Vietnam was admitted to the World Trade Organisation (WTO) in January 2007. With this, many existing restrictions on several sensitive products, including petrochemicals, are likely to be removed. The country will also benefit from the removal of the textile quotas under the WTO. Several projects for the production of polyethylene (PE), polypropylene (PP) and polystyrene (PS) are either in the planning stage or presently under way.

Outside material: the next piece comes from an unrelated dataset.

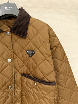 Prad* Autumn/Winter New Arrival: Brown Diamond Pattern Cotton Jacket/Short Coat

Leading players in the petrochemicals industry include Vietnam Oil and Gas Corporation (PetroVietnam), Vietnam Chemical (Vinachem) and Malaysia-based Petronas.

Company Developments

In 2006, the Vietnamese government had announced investment plans to the tune of US$6.8bn for the development of the petrochemicals industry. In August 2007, Singapore-based SP Chemicals received in-principle approval to build infrastructure for the Hoa Tam Petrochemical Industrial Zone and an oil refinery in the southern province of Phu Yen. SP Chemicals intends to invest a total of US$11bn along with its partners for developing the two projects. In August 2007, Taiwan-based Formosa Plastics Group (FPG) announced that it will increase its investments by US$488mn to launch a second-stage expansion project in Vietnam. In April 2007, PetroVietnam and partner Japanese company Idemitsu were allowed to speed up the work on the Nghi Son refinery and petrochemicals industrial complex project. In March 2007, Malaysia’s leading formalin and industrial adhesive resin producer Sepangar Chemical announced plans to build its first facility in Vietnam in the petrochemicals area of Haiphong’s Dinh Vu industrial zone. In January 2007, PetroVietnam received a licence to build a PP facility in the Dung Quat Economic Zone.

Foreign Direct Investment

According to the Ministry of Planning and Investment, in Q107, Vietnam attracted more than US$2.5bn in foreign direct investment (FDI), an increase of 22% y-o-y. The Republic of Korea emerged as the largest investor in Vietnam in Q107 with a total registered capital of US$486mn, followed by Singapore at US$476mn. Vietnam has raised its FDI target for 2006-10 to US$55bn, with focus on hi-tech industries. In 2006, it received US$10.2bn in foreign investment, far above the original target of US$6.5bn set by the government.